Vagaro, Inc.
- Vagaro Logo
- Company type: Private
- Industry: Software
- Founded: 2009; 17 years ago
- Founder: Fred Helou
- Headquarters: Pleasanton, California, United States
- Area served: United States; Canada; United Kingdom; Australia;
- Key people: Fred Helou; (CEO); Kerry Melchior; (COO); Charity Hudnall; (CMO); Nitin Gupta; (CRO); Philippe Chutczer; (CDO); Armita Rostamian; (CFO); Eric Lee; (CIO);
- Website: www.vagaro.com

= Vagaro =

American business management software company

Vagaro is a Pleasanton, California-based software-as-a-service business management platform and online marketplace for the beauty, fitness & wellness industries. The company's services include appointment booking, calendaring, client management, marketing, reporting, payroll, inventory management, and payment acceptance solutions. The company is headquartered in Pleasanton, CA but also holds offices in Bozeman, MT & Stevenage, UK.

==History==
Vagaro was founded by Fred Helou in 2009.

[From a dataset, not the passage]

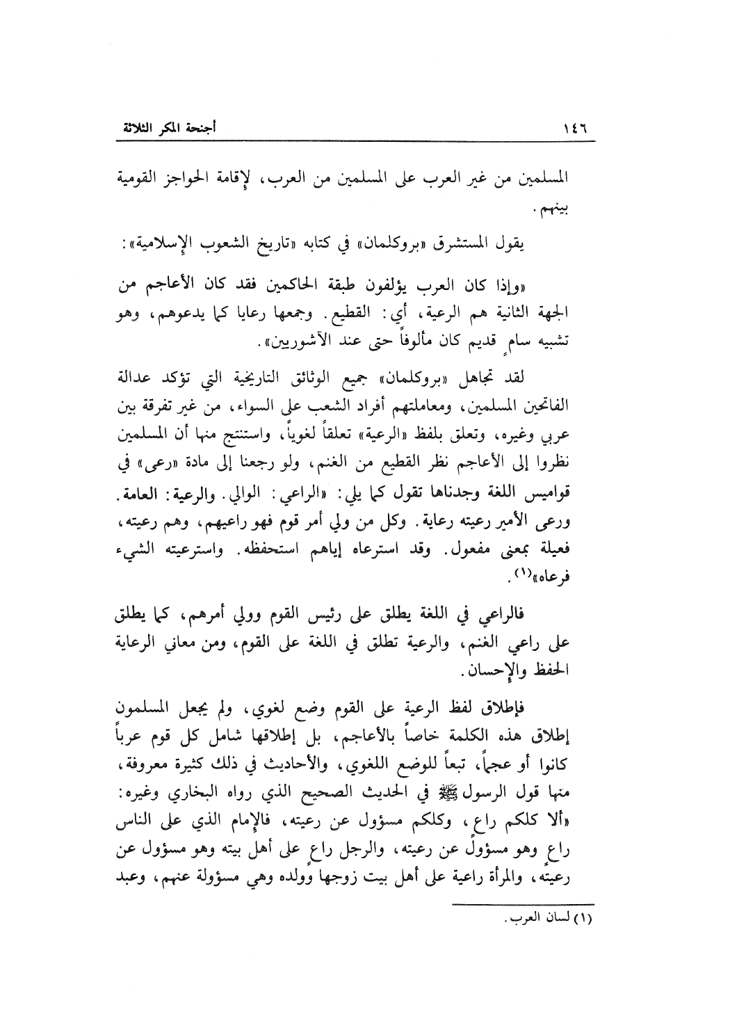 "وإذا كان العرب يؤلفون طبقة الحاكمين فقد كان الأعاجم من الجهة الثانية هم الرعية، أي: القطيع. وجمعها رعايا كما يدعوهم، وهو تشبيه سامٍ قديم كان مألوفاً حتى عند الآشوريين".

In 2018, Vagaro raised $63 million in a growth-equity round led by FTV Capital.

In 2021, Vagaro raised another round of funding from FTV Capital for an undisclosed amount at a $1 billion valuation. With this investment and valuation, Vagaro reached unicorn status.

In 2022, Vagaro opened its first physical international office in Stevenage, England, to address increasing global customer demand and to foster stronger customer relationships in the U.K.

In 2025, Vagaro acquired Schedulicity, a smaller competitor in the same sector to expand its customer base.